=== Section Start ===

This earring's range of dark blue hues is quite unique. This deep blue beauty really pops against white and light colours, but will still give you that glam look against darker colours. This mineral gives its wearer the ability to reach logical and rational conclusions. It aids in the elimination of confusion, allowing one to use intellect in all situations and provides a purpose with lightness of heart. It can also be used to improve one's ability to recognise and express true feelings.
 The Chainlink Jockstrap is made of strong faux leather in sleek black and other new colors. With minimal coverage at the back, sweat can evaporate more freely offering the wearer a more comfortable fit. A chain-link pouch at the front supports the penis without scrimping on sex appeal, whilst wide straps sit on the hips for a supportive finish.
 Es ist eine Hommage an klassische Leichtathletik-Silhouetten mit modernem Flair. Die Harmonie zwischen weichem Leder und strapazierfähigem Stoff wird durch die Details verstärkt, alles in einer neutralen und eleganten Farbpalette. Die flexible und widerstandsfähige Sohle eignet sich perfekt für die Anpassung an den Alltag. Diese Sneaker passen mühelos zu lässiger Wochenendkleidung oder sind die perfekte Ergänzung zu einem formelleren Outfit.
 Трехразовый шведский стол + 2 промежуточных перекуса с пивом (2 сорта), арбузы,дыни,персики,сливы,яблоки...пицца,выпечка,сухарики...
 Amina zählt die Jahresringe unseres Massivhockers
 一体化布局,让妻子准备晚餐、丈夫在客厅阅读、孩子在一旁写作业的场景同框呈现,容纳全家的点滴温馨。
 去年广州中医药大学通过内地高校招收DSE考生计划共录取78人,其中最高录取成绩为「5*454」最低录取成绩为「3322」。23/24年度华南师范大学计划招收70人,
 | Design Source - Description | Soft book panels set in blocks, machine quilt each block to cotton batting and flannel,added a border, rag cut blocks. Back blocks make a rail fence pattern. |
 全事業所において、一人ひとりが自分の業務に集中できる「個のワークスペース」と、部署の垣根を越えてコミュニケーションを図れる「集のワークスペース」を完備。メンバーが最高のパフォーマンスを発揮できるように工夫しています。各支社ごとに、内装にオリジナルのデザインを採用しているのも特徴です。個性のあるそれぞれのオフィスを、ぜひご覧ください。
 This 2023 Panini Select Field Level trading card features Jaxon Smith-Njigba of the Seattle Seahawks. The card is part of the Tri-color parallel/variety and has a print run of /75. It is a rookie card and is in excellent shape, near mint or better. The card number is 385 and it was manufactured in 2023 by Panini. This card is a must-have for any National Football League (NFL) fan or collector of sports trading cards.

=== Section End ===

**TASK DETAILS**
Write out, unaltered, the lines from the opening of the listing through the line that includes "全事業所において、一人ひとり".

**TASK SOLUTION**
This earring's range of dark blue hues is quite unique. This deep blue beauty really pops against white and light colours, but will still give you that glam look against darker colours. This mineral gives its wearer the ability to reach logical and rational conclusions. It aids in the elimination of confusion, allowing one to use intellect in all situations and provides a purpose with lightness of heart. It can also be used to improve one's ability to recognise and express true feelings.
 The Chainlink Jockstrap is made of strong faux leather in sleek black and other new colors. With minimal coverage at the back, sweat can evaporate more freely offering the wearer a more comfortable fit. A chain-link pouch at the front supports the penis without scrimping on sex appeal, whilst wide straps sit on the hips for a supportive finish.
 Es ist eine Hommage an klassische Leichtathletik-Silhouetten mit modernem Flair. Die Harmonie zwischen weichem Leder und strapazierfähigem Stoff wird durch die Details verstärkt, alles in einer neutralen und eleganten Farbpalette. Die flexible und widerstandsfähige Sohle eignet sich perfekt für die Anpassung an den Alltag. Diese Sneaker passen mühelos zu lässiger Wochenendkleidung oder sind die perfekte Ergänzung zu einem formelleren Outfit.
 Трехразовый шведский стол + 2 промежуточных перекуса с пивом (2 сорта), арбузы,дыни,персики,сливы,яблоки...пицца,выпечка,сухарики...
 Amina zählt die Jahresringe unseres Massivhockers
 一体化布局,让妻子准备晚餐、丈夫在客厅阅读、孩子在一旁写作业的场景同框呈现,容纳全家的点滴温馨。
 去年广州中医药大学通过内地高校招收DSE考生计划共录取78人,其中最高录取成绩为「5*454」最低录取成绩为「3322」。23/24年度华南师范大学计划招收70人,
 | Design Source - Description | Soft book panels set in blocks, machine quilt each block to cotton batting and flannel,added a border, rag cut blocks. Back blocks make a rail fence pattern. |
 全事業所において、一人ひとりが自分の業務に集中できる「個のワークスペース」と、部署の垣根を越えてコミュニケーションを図れる「集のワークスペース」を完備。メンバーが最高のパフォーマンスを発揮できるように工夫しています。各支社ごとに、内装にオリジナルのデザインを採用しているのも特徴です。個性のあるそれぞれのオフィスを、ぜひご覧ください。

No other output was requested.